Agenda item

Integrated Diabetes Service Update

Minutes:

At its previous meeting the Board had considered the Joint Strategic Needs Assessment and had identified 3 areas it wished to consider in more detail.  One area was the Diabetes service.

 

UshaChapitti, Project Manager – Long Term Conditions at Bromley CCG addressed the Board. 

 

Her report provided an update on the ongoing work that started with a Stakeholder event in October 2012.

 

Bromley currently spent £8.9m per annum on Diabetes. Ms Chapitti’s Team had looked at various models used nationwide to deliver Diabetic Services, focussing on two models in particular; Derby and Portsmouth and using elements of both as a basis for an integrated service which could be adapted to meet the needs of Bromley residents.

 

She outlined how the old system compared with the new integrated Diabetes Service.

 

The benefits of the new service included enabling consultants and specialists to work more closely with GPs to support them.  It meant speedier hospital admission if needed in addition to being a more effective use of resources.

 

There would be more investment in GP and nurse training and this would be ongoing with the aim of providing better care to diabetic patients. It will also give patients the confidence to know their care was ongoing. The training was being developed with Bromley Healthcare and King’s College. GP practices had raised concerns that all practices needed to engage to enable a programme of training to be developed.  Practices would also be encouraged to share expertise.

 

The service would also give patients better access to education more patient involvement. The Team was currently seeking the views of Bromley Healthcare on how to engage patients.  Work was underway to develop the proposal and implement it in September 2013. The outcomes from the training would be shared with the HWB and Bromley Healthwatch.
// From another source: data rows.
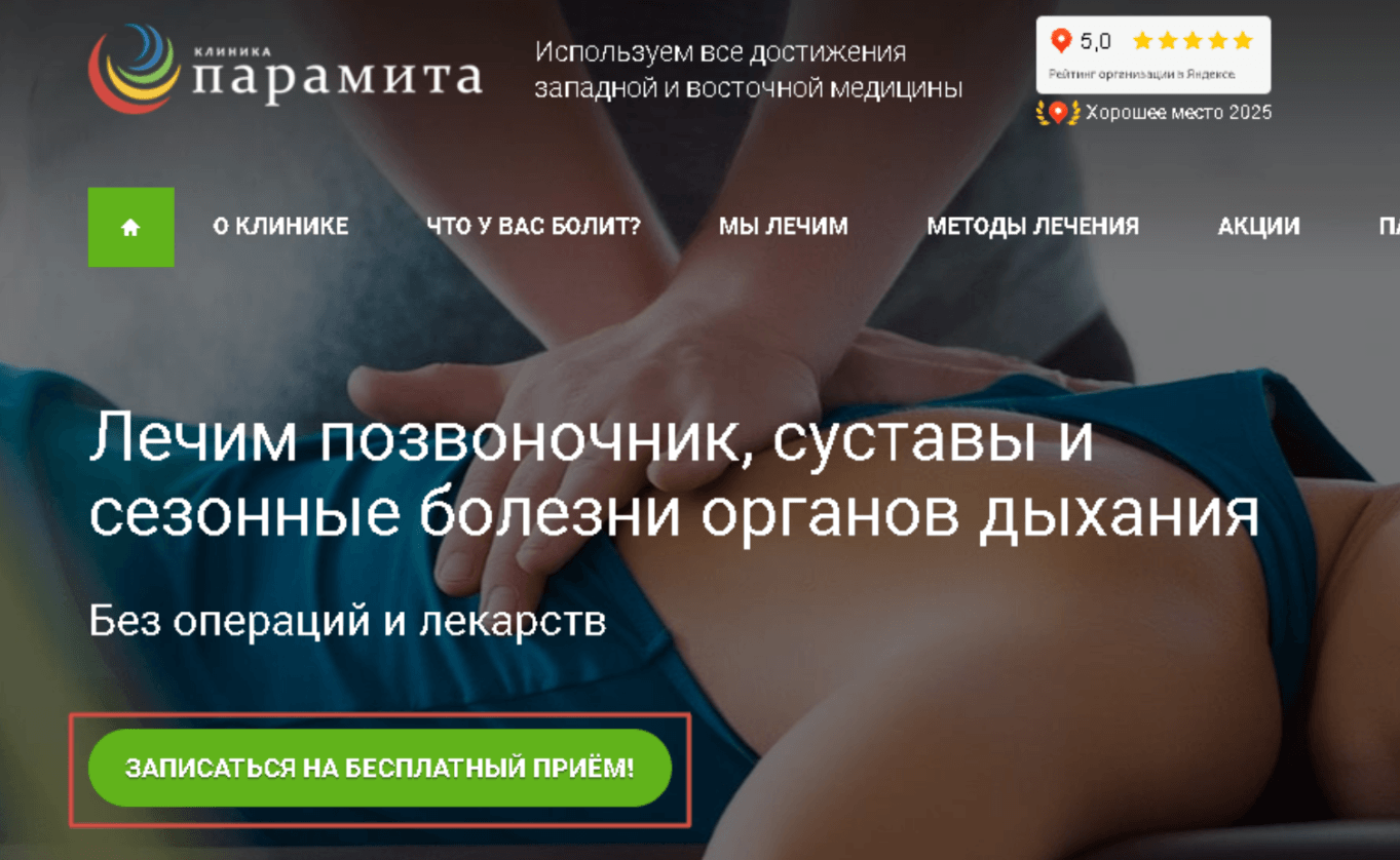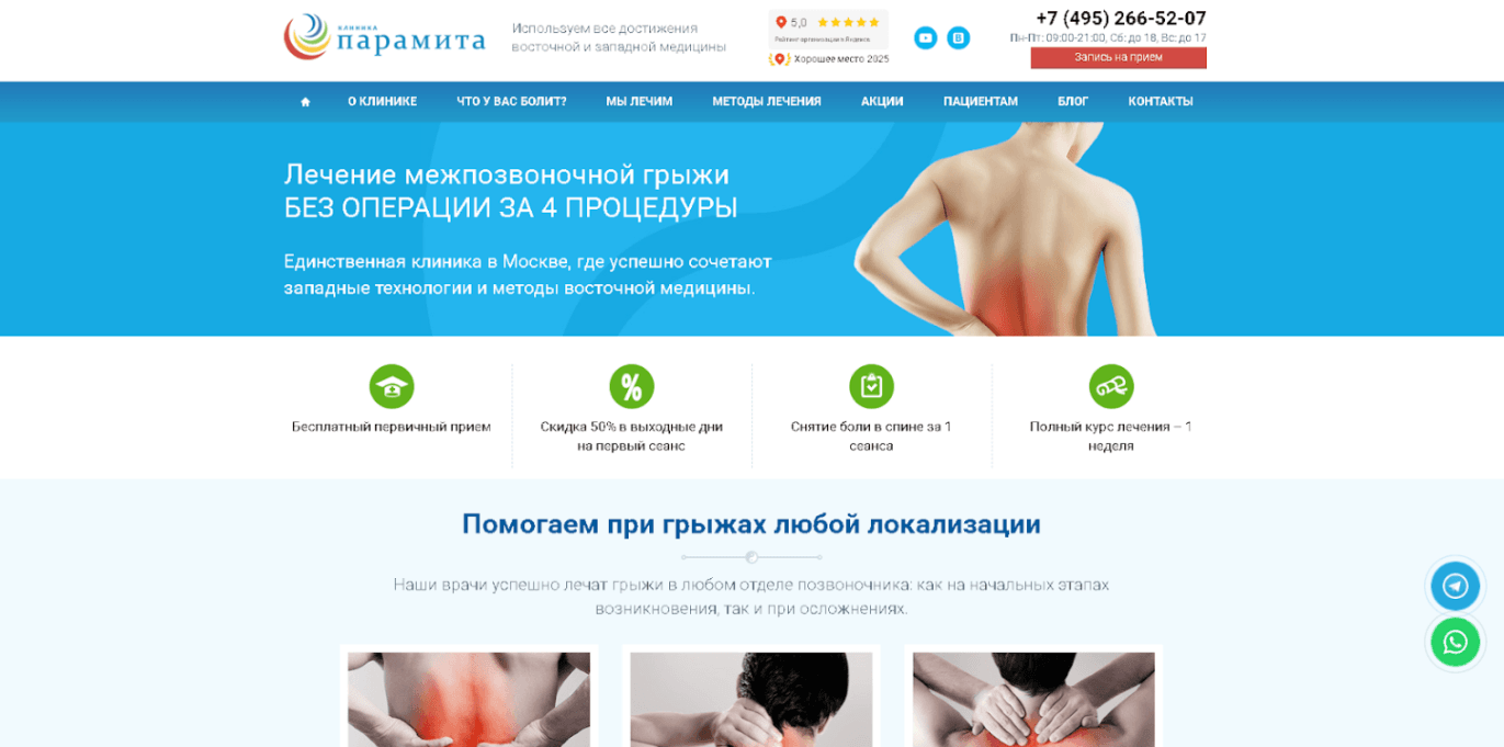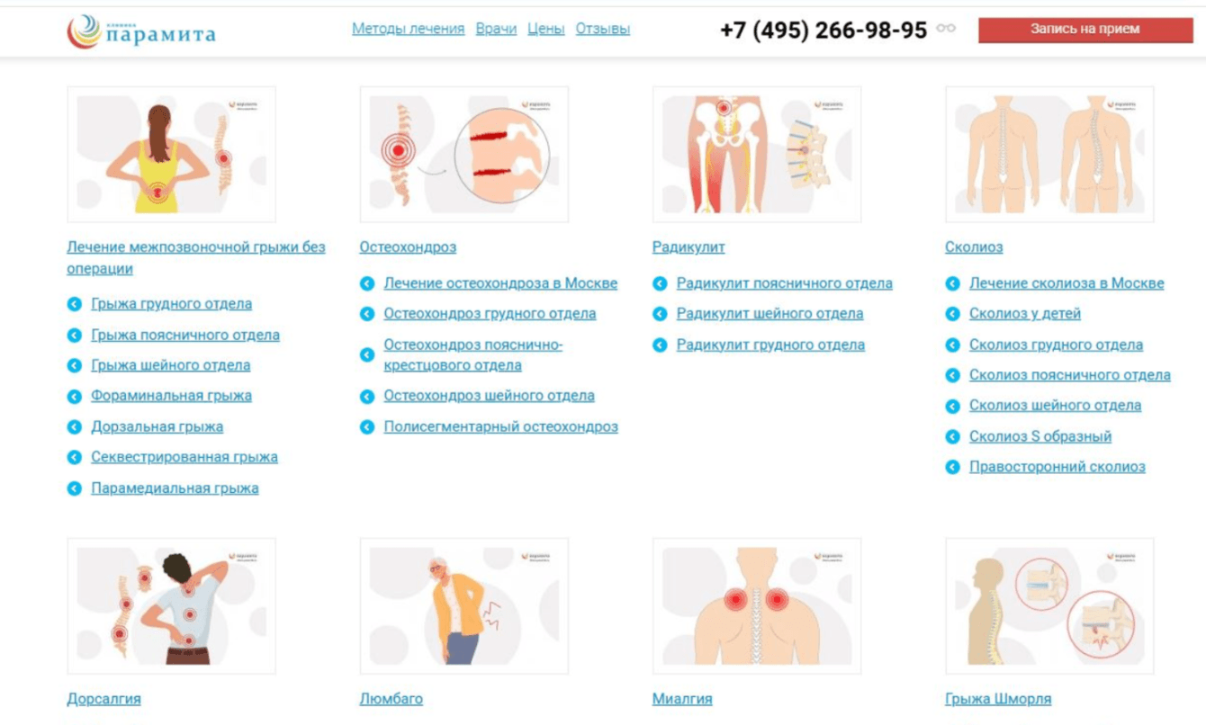 Основной фокус был сделан на врачах и широком спектре заболеваний, которые лечит «Парамита». Семантика в медицине огромна: от остеохондроза грудного, поясничного или шейного отдела до артрита коленного, локтевого суставов.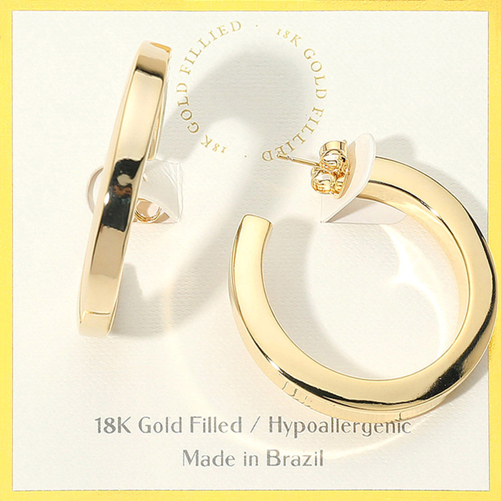 Details • Size : 1.6" X 1.6" X 0.25" • Post Back • Water Resistant and Tarnish Free • Make a confident style statement with these wide hoop earrings featuring a sleek, polished finish. Their bold design elevates everyday looks while adding a sophisticated edge to evening outfits. Lightweight and versatile, they are the perfect blend of modern chic and timeless style. • Gold Filled • Hypoallergenic • Lead and Nickel Compliant • Made In Brazil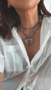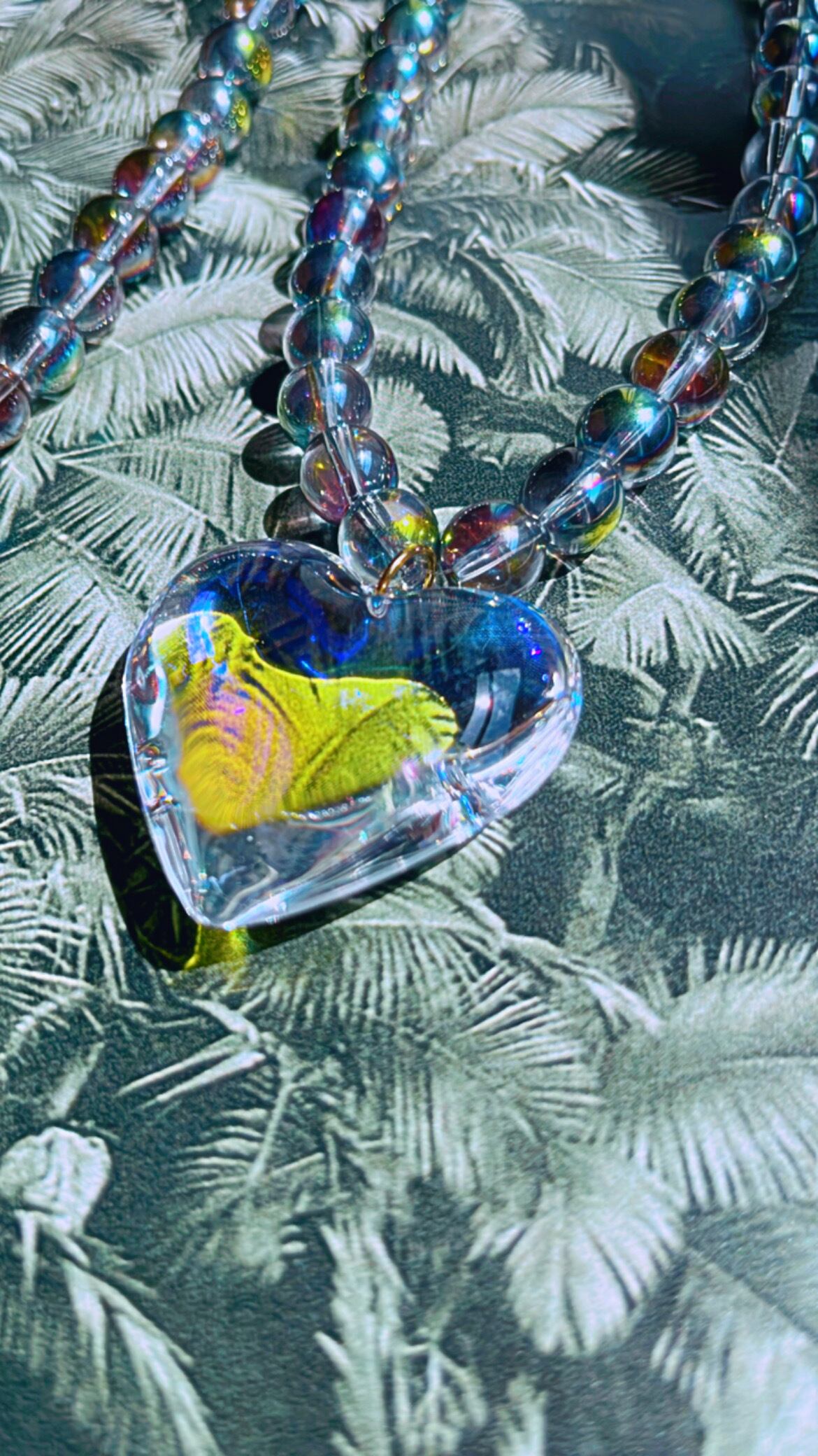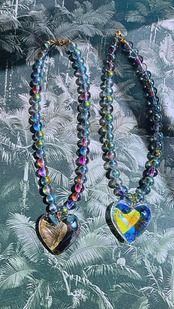 オーロラカラー、クリアブラックのハートがついたガラスネックレスです。ボールネックレスもオーロラに輝くガラスです。

In addition Bromley Healthcare was establishing a Management Group composing of members from the voluntary sector, the community and patients.

 

The Chairman asked how patient satisfaction would be measured.  In response, he was informed that this was one of the key performance indicators (KPI). 

 

It was agreed that statistics showing the prevalence of diabetes in Bromley would be provided for the next meeting.  The number of diabetics was increasing by 5% per annum but it was hoped the new service would help achieve one of the KPI’s for reducing emergency hospital admissions.

 

Ms Chapitti reported that retinal screening was not within the scope of the project.. However Dr Bhan continued that yearly screening for diabetics reached 100% and were often carried out more than once a year.

 

The Board asked what was being done to stop patients progressing up the Tiers.  In response Dr Bhan explained that work included ensuring good control of blood sugar levels, regular checks and screening for eyes and kidney function and encouraging patients to attend the diabetes education courses; DAFNE and DESMOND.

 

The Board then asked about paediatric diabetes and were informed that, currently, there were not separate targets for children.  The Programme would start with adults and older people and once the service was fully operational it was likely that the paediatric diabetic services would be reviewed. 

 

The Chairman requested that Dr Angela Bhan and Mr Terry Parkin work up a proposal for how paediatric diabetes could be addressed jointly between the Local Authority and Bromley CCG focusing on a preventative approach.

 

When asked about the potential financial savings, the Project Manager explained that an estimated saving of £855k would be achieved over a three year period by the Clinical Commissioning Group.

 

RESOLVED that:

 

  1. The report be noted.

 

  1. A report outlining the financial context would be submitted to a future meeting of the Board.

 

3. That Dr Bhan and Mr Parkin work up a proposal for how to jointly tackle paediatric diabetes in the borough.